Per the usual routine, the group of members assembled in front of their pelican president, accompanied by Louis and a new member, one that the males of the club were quick to dislike based on his entrance only a few minutes earlier. The sheep looked smug, smirking at the various animals in front of him. Bill growled silently. To have someone bratty show up at times like these was typical, but it was more so the creeping foresight that this sheep would rile up others that annoyed him. To have a carnivore classmate somehow lose his cool and attack him would give them all bad rep. Even if the herbivore was the one provoking the attack, the carnivore always got the punishment. In a carnivore herbivore fight, the context was never important. If the carnivore did anything that physically resembled assault, they were at a disadvantage.

"Hello, everyone." Sanu greeted the club, pushing his glasses into his eye line.

"Today, we have a new member. Some of you might have met him before." The males collectively glared with disdain. But instead of showing any kind of remorse or regret, the Dall sheep winked at the group and smiled as his eyes jumped from one death glare to the next.

"This is Pina. He'll go and accompany you in your different activities until he decides-"

"Actually, I already decided to be part of the actor's team, but I'm still in my trial period, I suppose." The sheep cut off Sanu, the pelican wearing a slightly dumbfounded expression.

"We don't need a prick like that in the actor's team," Bill spoke from the group of carnivores, Aoba nodding behind him.

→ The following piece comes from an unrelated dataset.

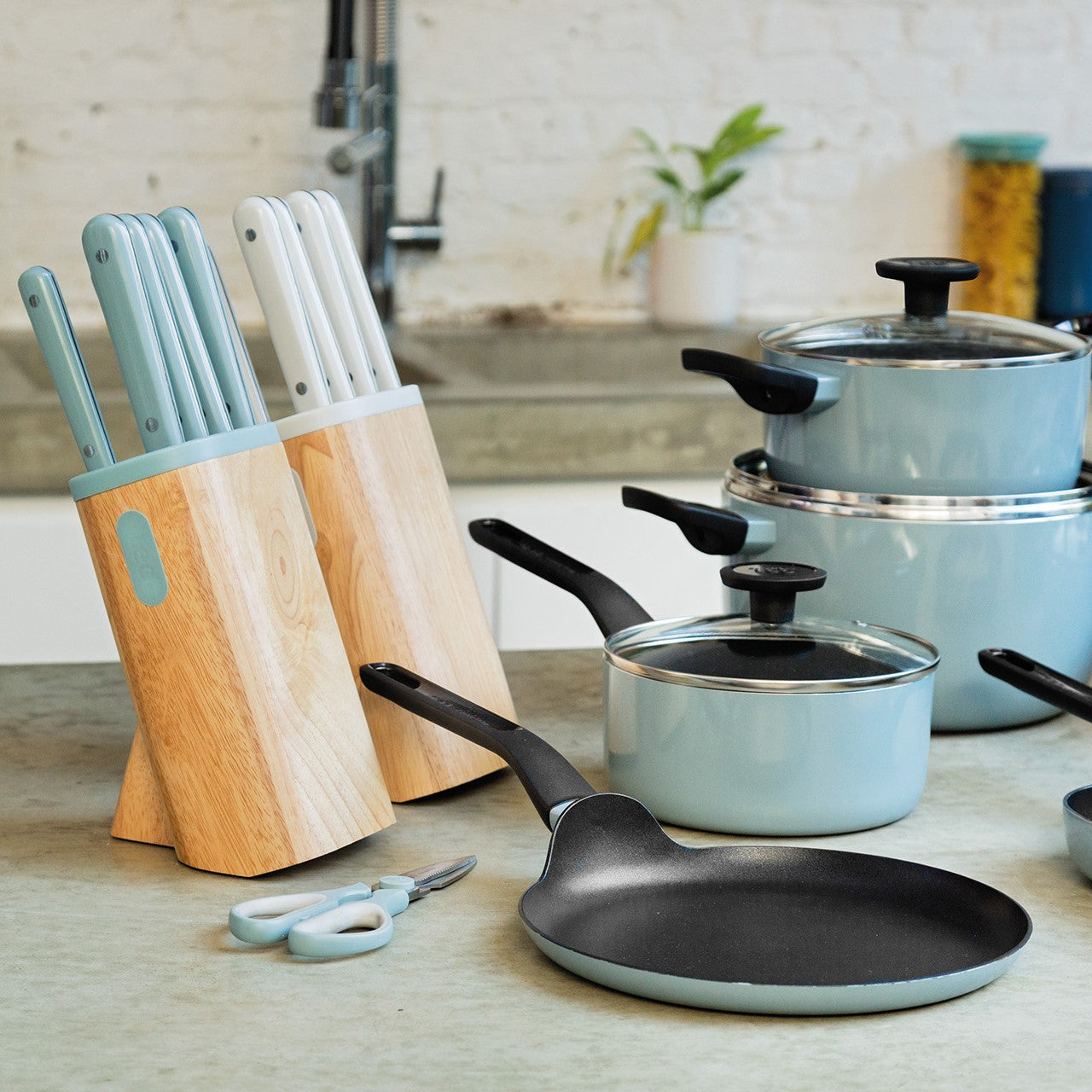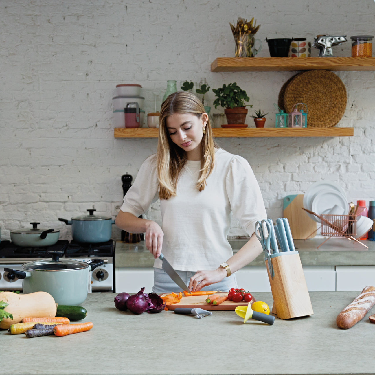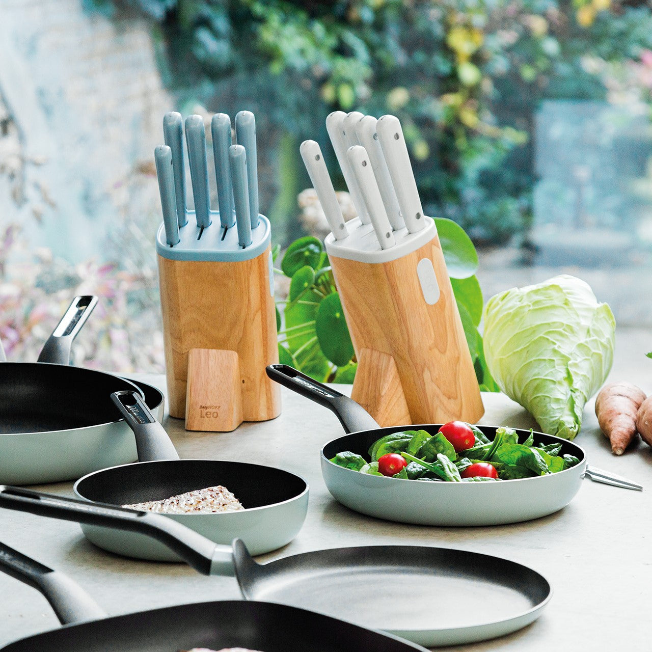 Deze 7-delige messenblok is de subtiele oplossing om wat kleur toe te voegen aan je keuken! De messenblok bevat een veelzijdig messenassortiment zoals een schilmesje, universeel mes, vleesmes, broodmes, koksmes en santokumes. In de mooi vormgegeven houten messenblok met glanzende topafwerking. De messleuven zijn zo ontworpen dat ze perfect passen op de bolster van het mes, zo ben je 100% zeker van een veilige messenopberging. De geïntegreerde magneet aan de zijkant zorgt voor een gemakkelijke opslag van uw schaar of andere magnetisch keukengerei

Pina's eyes sparkled at the tiger's sudden and intense vigor.

"Look, kitty. The actor's team simply needs help. After you couldn't control yourself and made us lose that poor sweet alpaca, you don't have enough beautiful animals to fill your ranks anymore. Due to the simple build of the carnivore eye structure; they lack any complexity that the herbivore eyes hold. So in simpler terms, they can't be classified as beautiful. And we all know that carnivore physique is in the eye of the public, terrifying. It is scientifically proven that carnivores are simply not beautiful."

Legosi found himself awoken from his daydream as his friends around him had leaned forward, loudly arguing over the rudeness of the Dall sheep. The same sheep currently standing smugly at the front of the group, bathing in the attention. Sudden war had broken out around him, and he had no clue what it was about. His mind had pulled him back to last night with a gentle ease that had left him zoning out, even at the horrifying contents of said night.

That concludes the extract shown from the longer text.